Quella eseguita dalla Cortellesi è una prima esperienza tutta carica di grandi consapevolezze, del resto vi era un carico di aspettative non indifferenti da dover sorreggere sulle proprie spalle. Lei è una di quelle poche attrici che riesce a spostare gli incassi al botteghino su ogni singola pellicola, sia da semplice interprete che scrittrice. In questa storia riesce a rafforzare tutto il suo riso amaro, narrando la vita in tutta la sua tragicomicità.

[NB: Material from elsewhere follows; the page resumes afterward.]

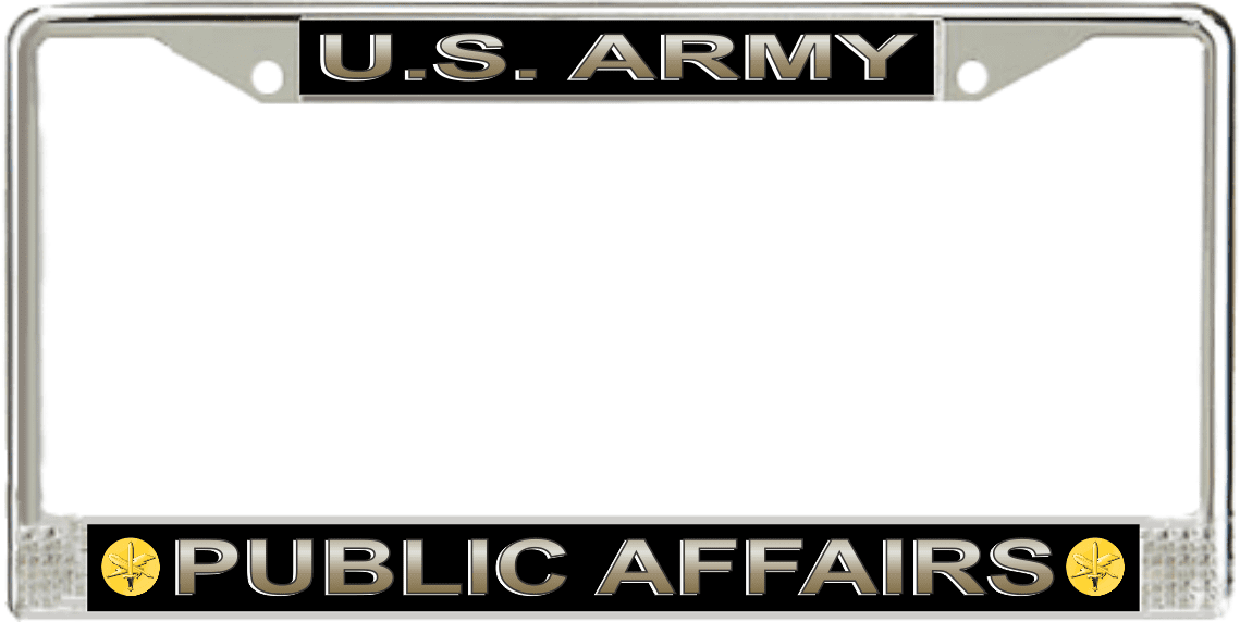 This U.S. Army Public Affairs License Plate Frame is made from the highest quality finished metal alloy. Each one is designed to provide years of use. Each is designed and produced in our facility in Scottsboro, Alabama. Our Military License Plate Frames are standard designs and have been a staple in our product line for 15 years. Please check with your state and local regulations regarding suitability for displaying this License Plate Frame on you vehicle since these regulations may have changed over time.A percentage of the sale of each MilitaryBest item is forwarded to the licensing departments of each respective branch of service in support of the MWR (Morale, Welfare, & Recreation) program. These payments are made by either ALL4U LLC or the wholesaler from where the item originated. Our team thanks you for your service and your support of these programs.

Siamo nel giugno del 1946, la scenografia è curata nei minimi dettagli per poter dare il giusto stimolo visivo allo spettatore: i manifesti, i graffiti, così come l’arredo urbano, diventano elementi in grado di comunicare la forza di un pensiero. Nulla è lasciato al caso mentre entriamo nella vita coniugale di Delia (Paola Cortellesi) e di Ivano (Valerio Mastrandrea). Lei si fa in quattro tutto il giorno, ma ha solo un piccolo difetto: “risponnere”. Piccoli istanti, piccole sviste che si fanno portatori di una violenza tanto manifesta quanto sottile.
“C’è ancora domani” è una pellicola che non parla semplicemente dell’abuso domestico, ma lo fa diventare parte integrante della stratificazione socio-culturale. Di generazione in generazione, in questo modo, si tramandano usi e modi di fare sotto l’inno del “si è sempre fatto così”. Di padre in figlio, di madre in figlia, si accettano silenziosamente atroci atti che – seppur in maniera ridotta – si continuano a perpetrare.
La Cortellesi, in conferenza stampa, ha sottolineato quanto la sua volontà fosse quella di dar voce a quelle donne che per lungo tempo hanno creduto fermamente di essere delle nullità. Ha raccontato della sua cara nonna che, pur essendo molto arguta, concludeva tutte le sue frasi con: “Ma cosa vuoi che ne sappia io?” sottostimano implicitamente la validità del proprio pensiero.
Senza starci troppo a soffermare se ciò possa essere definita una commedia o una tragedia, possiamo solo dire che è semplicemente la vita. Una serie di fatti che vanno scardinati per poter riuscire a parlare realmente di dignità, sentimento che emerge con maggior forza proprio sul finale. Non vi vogliamo svelare altri dettagli, vogliamo solo consigliarne vivamente la visione a quante più persone possibile. Perché noi ci auguriamo la stessa cosa che la compagine maschile del cast ha sottolineato durante l’incontro con la stampa: un rinnovo della sensibilità e un’educazione sentimentale che sia in grado di scardinare le logiche del possesso.